Each past site is labeled as profitable (1) or not profitable (0). Our goal: build a Decision Tree that predicts profitability for new sites.

⚙️ Building the Tree with CART (Classification and Regression Trees)

We’ll use the CART algorithm — one of the most popular Decision Tree techniques.

CART determines where to split the data at each branch. It tests each feature (like porosity, density, etc.) and finds the threshold value that best separates profitable from non-profitable sites.

How do we measure “best”? By using a metric called Gini Impurity.

🧮 Understanding Gini Impurity

Gini Impurity tells us how “mixed” a node is. If a node contains both classes (profitable and not profitable), impurity is high. If it’s pure (only one class), impurity is 0.

Mathematically: [ Gini = 1 - (P_1^2 + P_0^2) ]

CART tests possible split points (like porosity < 0.1) and picks the one that minimizes Gini Impurity.

Once the first split is chosen, it recursively repeats this process for each new node until:

A maximum tree depth is reached, or
Each node is pure, or
There are too few samples to split further.

🔢 Regression with Decision Trees

Sometimes, instead of predicting categories (profitable/not profitable), we want to predict continuous values — like the expected barrels of oil per day.

In that case, we replace Gini Impurity with Mean Squared Error (MSE):

[ MSE = \frac{1}{n}\sum (y_i - \bar{y})^2 ]

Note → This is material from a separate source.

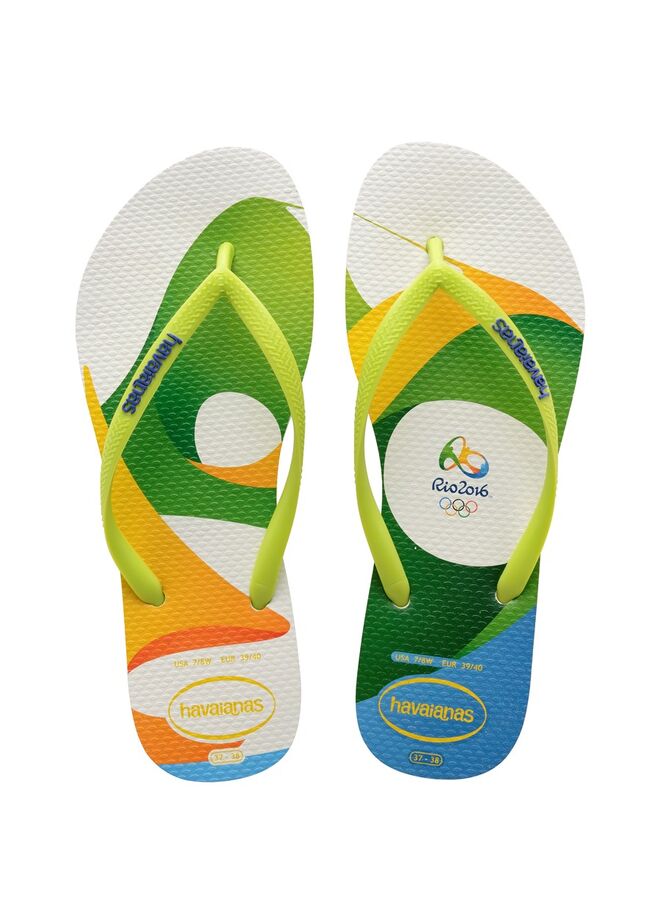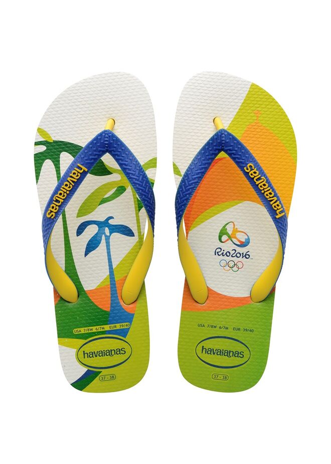 Como todos nós sabemos, os Jogos Olímpicos 2016 serão organizados no Rio de Janeiro, Brasil, e não há nada mais brasileiro do que os icónicos chinelos de borracha Havaianas. Para que todos estejam confortáveis na hora de apoiar e entrar em ação nos quatro cantos do mundo, o Comité Olímpico Rio 2016 apresenta a sua gama de produtos elaborada em parceria com a Havaianas. A coleção inclui 4 modelos, todos inspirados nas paisagens do Rio de Janeiro. Há dois prints que transmitem as cores e formas do emblema oficial do Rio 2016, um que retrata o Pão de Açúcar, e o outro, o Cristo Redentor.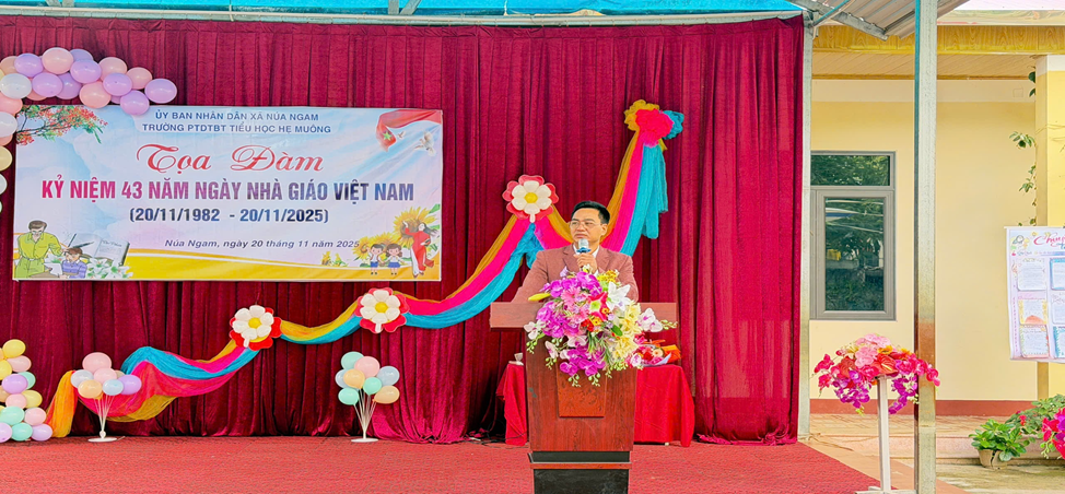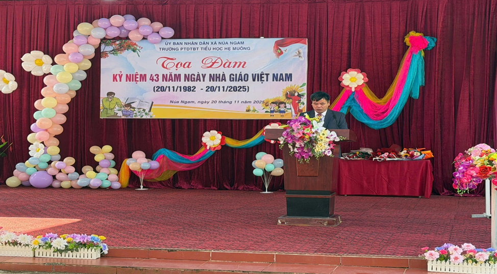 Trong không khí trang trọng, thầy Ngô Ngọc Tấn Bí thư Chi bộ, Hiệu trưởng nhà trường đã phát biểu, ôn lại truyền thống vẻ vang của ngành giáo dục và ghi nhận những nỗ lực không ngừng của đội ngũ thầy cô giáo Trường PTDTBT TH Hẹ Muông trong thời gian qua.

The idea is the same — we find the split that minimizes MSE across nodes. Each leaf node’s prediction is simply the average value of the samples in that node.

🌍 Handling Missing and Categorical Data

Decision Trees also handle missing data elegantly using something called surrogate splits.

If the best feature (say, porosity) is missing for an example, the model looks for the next best feature (like sonic travel time) to decide which branch to take.

For categorical features (like “country”), the algorithm tests all possible subsets of categories to find the split that best separates outcomes — though this can grow exponentially with more categories.

🧩 From Simple Trees to Powerful Ensembles

While a single Decision Tree is easy to interpret, it can also overfit — meaning it learns the training data too well but struggles on new data.

To fix this, we use ensemble methods — combinations of many trees — that dramatically improve performance.

🔁 Boosting

Boosting builds trees sequentially, where each new tree focuses on correcting the errors of the previous one. This process continues until the errors stop improving. However, boosted trees can overfit quickly, so we control their depth and use cross-validation to tune the number of trees.

Famous libraries like XGBoost, LightGBM, and CatBoost are all based on boosting techniques.

🎲 Bagging (Bootstrap Aggregation)

Bagging builds many trees in parallel, each trained on a random subset of the data and features. The predictions are then averaged — reducing variance and improving stability.

This method forms the foundation of the popular Random Forest algorithm.

Random Forests use both Bagging and feature sampling, making them one of the most practical, high-performing ensemble models in existence.

🧠 Beyond CART: C4.5 and Friends

You might also come across C4.5, another tree algorithm that uses information gain (entropy) instead of Gini impurity and supports multi-way splits. It’s primarily used for classification problems and was one of the earliest tree-learning algorithms in machine learning history.

🚀 Wrapping Up

Decision Trees are the building blocks of many modern ML algorithms. They’re powerful, interpretable, and capable of handling different types of data — from numbers to categories to missing values.

But their real magic comes when they’re combined — through boosting, bagging, or random forests — creating models that are both strong and flexible.

In our next session, we’ll continue exploring how these ensemble methods transform simple models into state-of-the-art predictors.

📚 Key Takeaways

Decision Trees split data by asking feature-based questions.
CART uses Gini Impurity (for classification) or MSE (for regression).
Trees can handle missing and categorical data.
Boosting, Bagging, and Random Forests improve performance by combining many trees.
Real-world use: predicting oil drilling success, customer churn, disease diagnosis, and much more.